Task item> From the line that contains "Valilik önündeki Milli" to the last line of the data below, transcribe every line exactly. Do not include the pictures.
+ + +
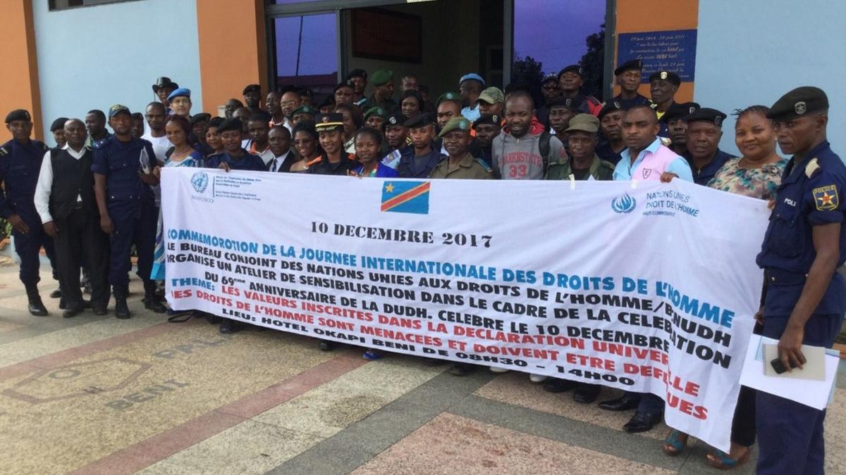le BCNUDH MONUSCO-Beni, a organisé le lundi 18 décembre 2017, à Beni ville, un atelier de sensibilisation sur le thème : Les valeurs inscrites dans la déclaration universelle des droits de l’homme sont menacés et doivent être défendues>. Cet atelier organisé en partenariat avec les organisations de la société civile, des autorités politico administratives et judiciaires avait pour but la commémoration de la journée internationale des droits de l’homme marquant le 69ème anniversaire de la Déclaration Universelle des Droits de l’Homme. Juste après l’hymne national, une minute de silence a été observée en la mémoire des 14 casques bleus tanzaniens tués le jeudi 07 décembre dernier lors d’une attaque de leur base opérationnelle à Semuliki, par des présumés rebelles de l’ADF…
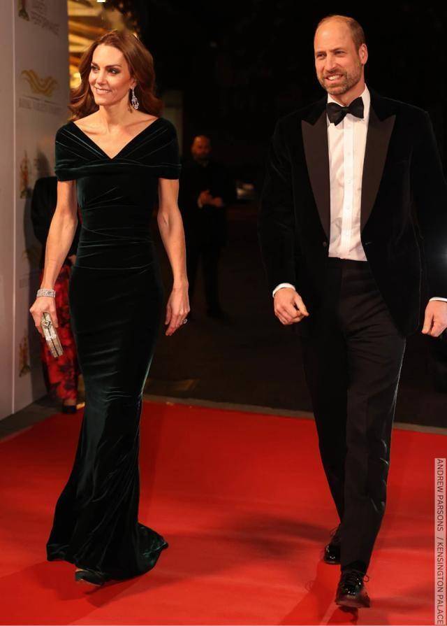 今年的汇演,王妃选择了德国品牌塔尔博特・伦霍夫(Talbot Runhof)的深祖母绿丝绒礼服。该品牌以流畅线条、立体垂坠感和低调大气的晚装设计著称。露肩肖像领与流畅无缝的直筒剪裁,赋予整体造型十足的王室风范。
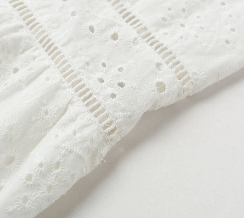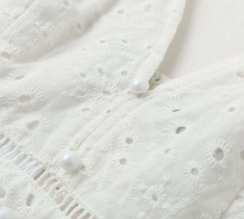 Longo vestido de verão com uma encantadora bordadura. Decorado com pérolas.
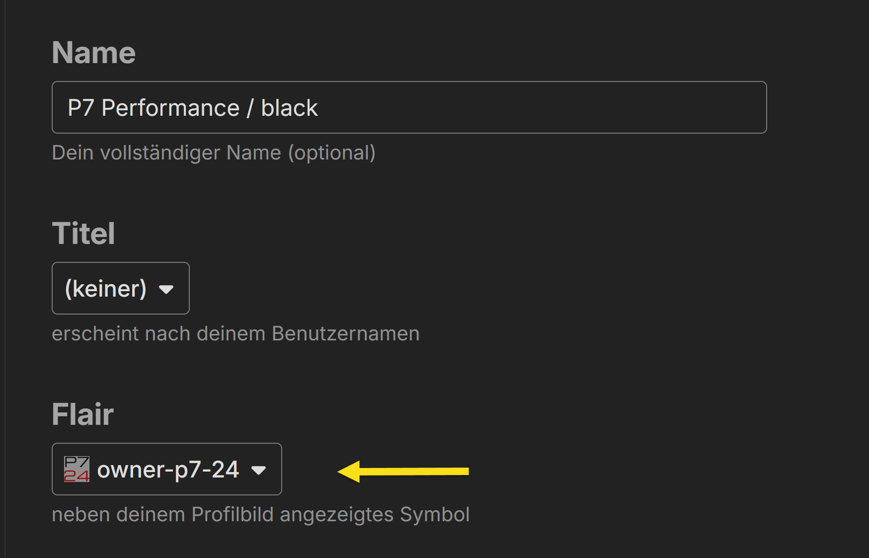 In eurem Benutzerkonto (oder hier) könnt ihr dann im Bereich „Konto“ den „Flair“ einstellen. Die Auswahl beinhaltet eure zuvor gewählte Gruppe.
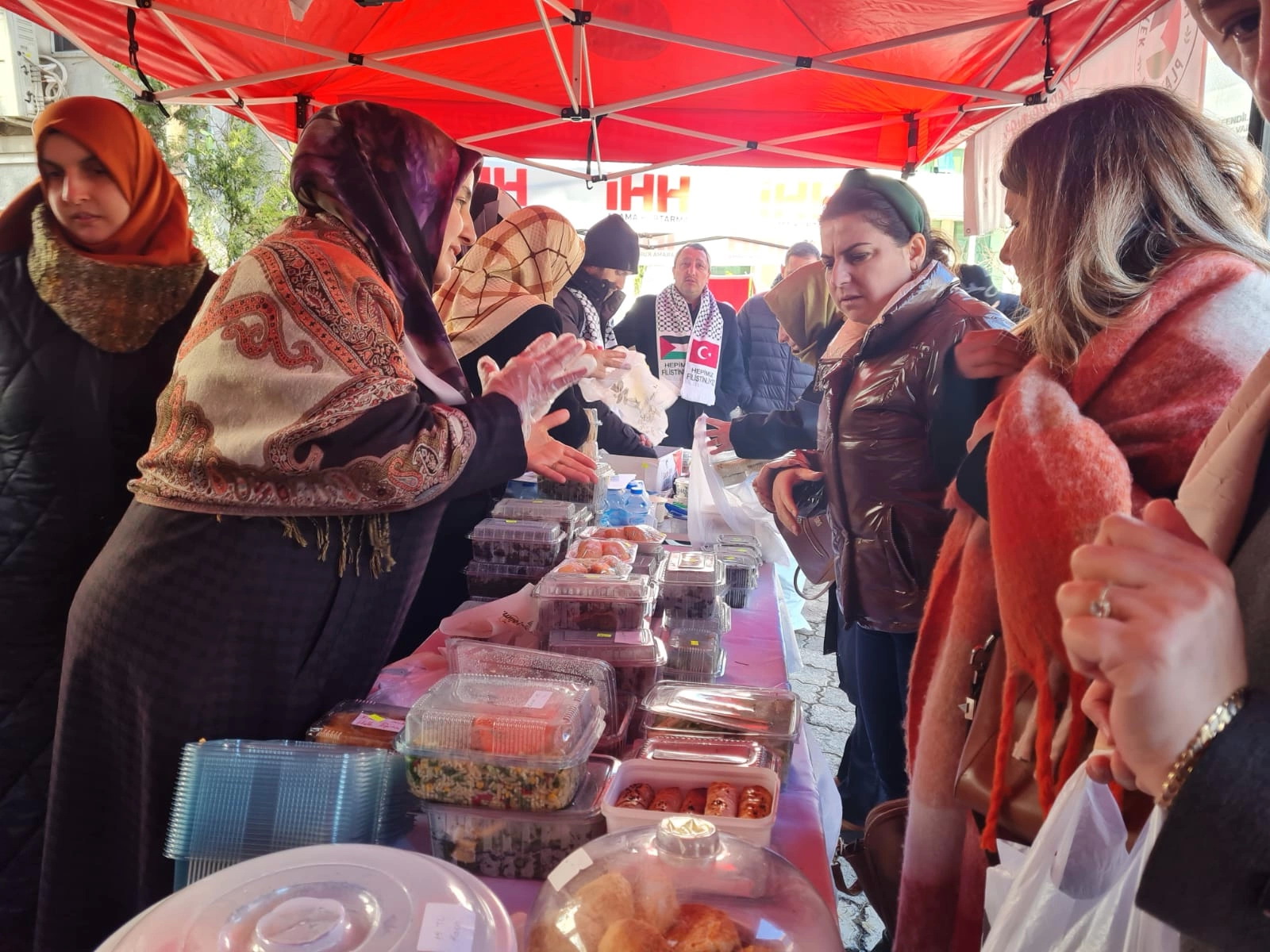 Valilik önündeki Milli İrade Meydanı’nda Filistin’e Destek Platformu tarafından düzenlenen kermeste gönüllü kadınlarca hazırlanan yiyecek ve içecekler satışa sunuldu.
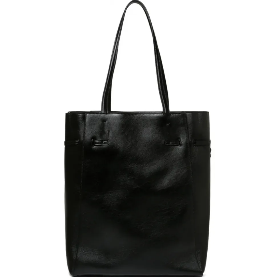 Givenchy Black Medium Voyou Tote Bag. Black calf leather tote bag, smooth grain, two flat top handles. Logo stamp to the front, adjustable belt detail, main compartment. Suede lining, mixed metal hardware, open top.
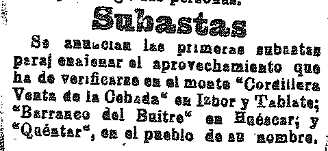 14 de septiembre de 1913. Subasta de montes de Ízbor y
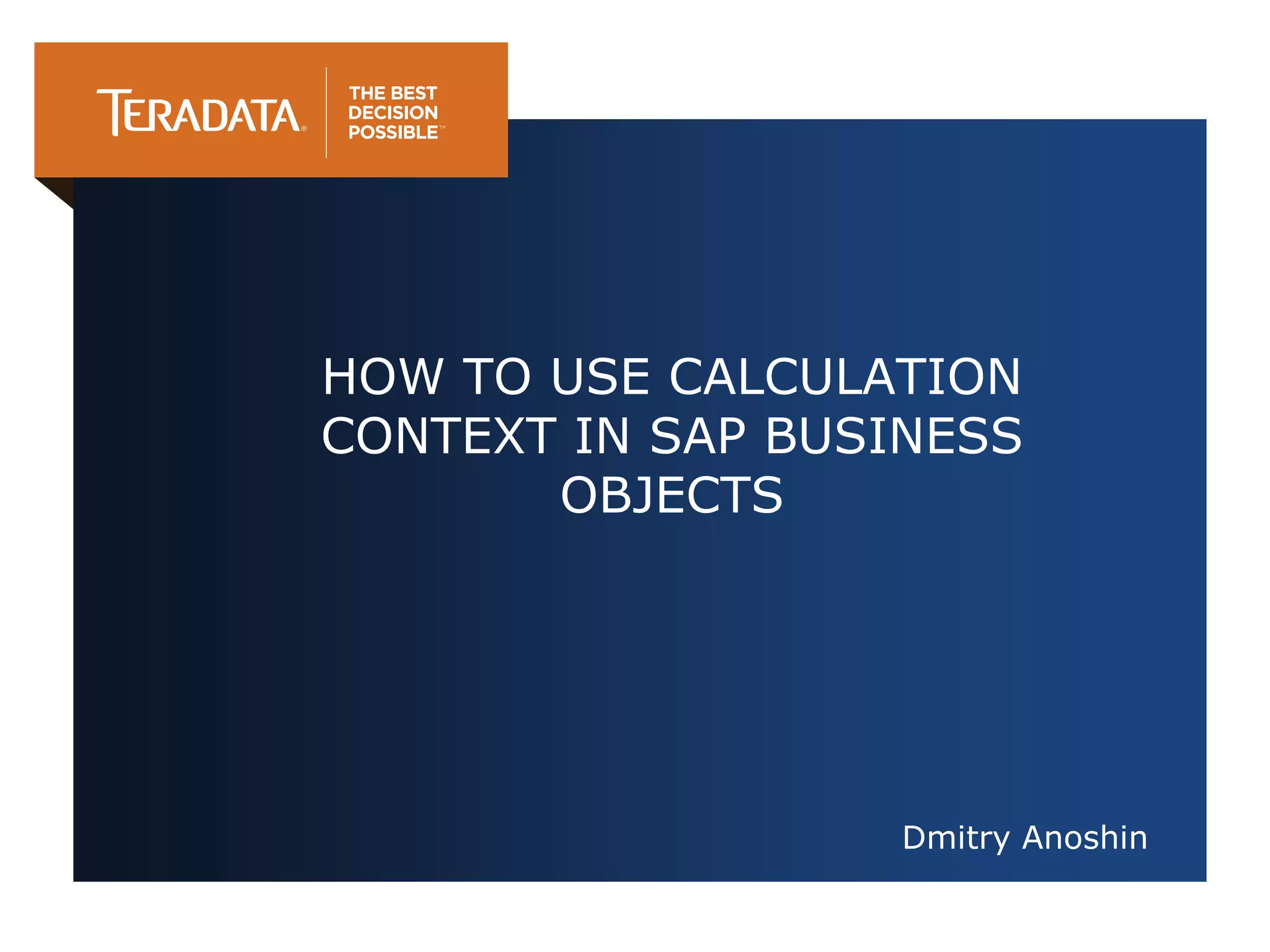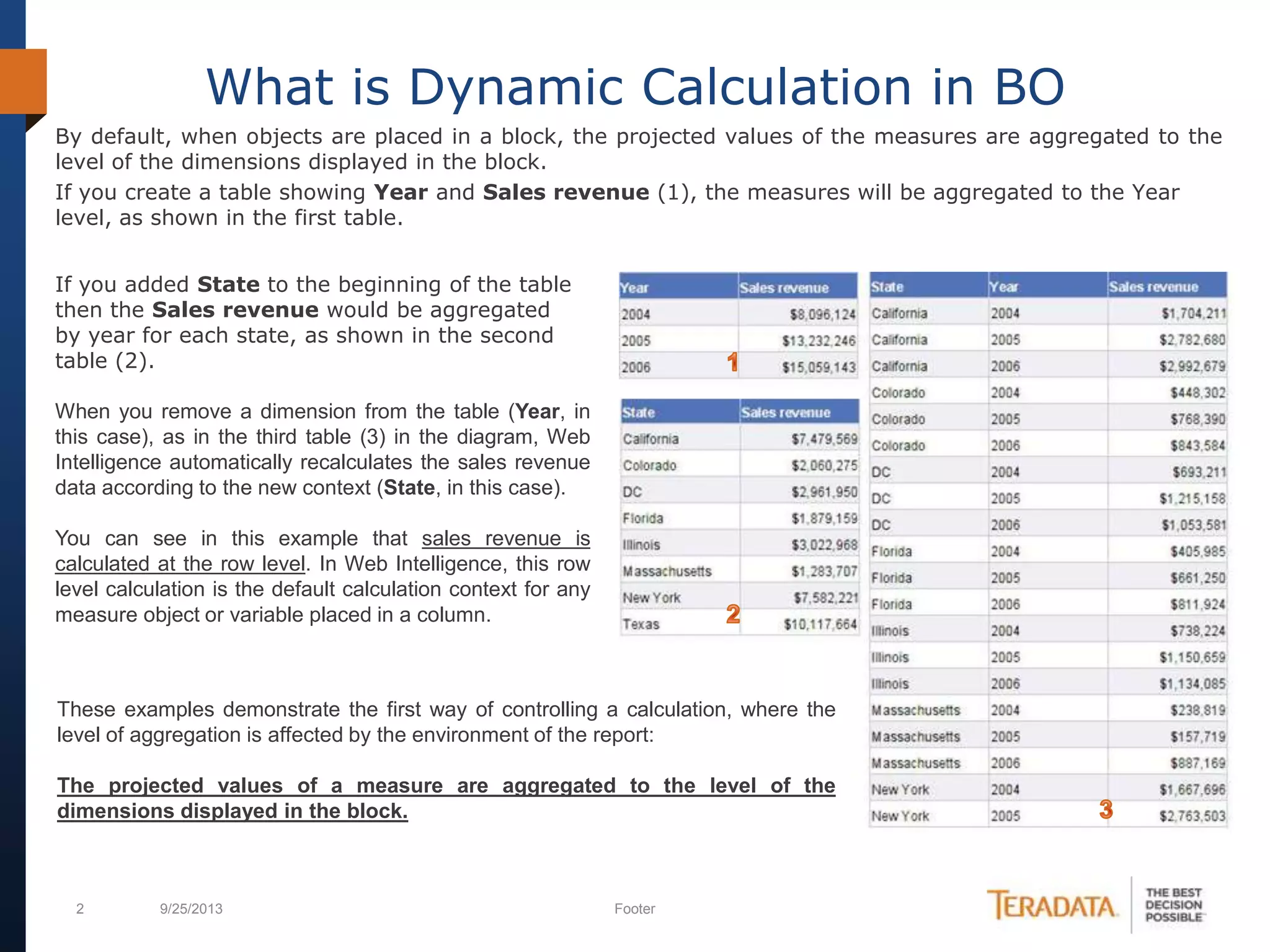 The document discusses how to control calculation context in SAP Business Objects by defining input and output contexts. By default, measures are aggregated to the level of dimensions displayed. To override this, input and output contexts can be specified. Operators like "In", "ForEach", and "Where" are used to define which dimensions should be included or excluded from calculations. Examples demonstrate how to use these operators to define contexts for calculations like finding the maximum sales revenue for a given state and year.
+ + +
Completed exercise>
 Valilik önündeki Milli İrade Meydanı’nda Filistin’e Destek Platformu tarafından düzenlenen kermeste gönüllü kadınlarca hazırlanan yiyecek ve içecekler satışa sunuldu.
 Givenchy Black Medium Voyou Tote Bag. Black calf leather tote bag, smooth grain, two flat top handles. Logo stamp to the front, adjustable belt detail, main compartment. Suede lining, mixed metal hardware, open top.
 14 de septiembre de 1913. Subasta de montes de Ízbor y
 The document discusses how to control calculation context in SAP Business Objects by defining input and output contexts. By default, measures are aggregated to the level of dimensions displayed. To override this, input and output contexts can be specified. Operators like "In", "ForEach", and "Where" are used to define which dimensions should be included or excluded from calculations. Examples demonstrate how to use these operators to define contexts for calculations like finding the maximum sales revenue for a given state and year.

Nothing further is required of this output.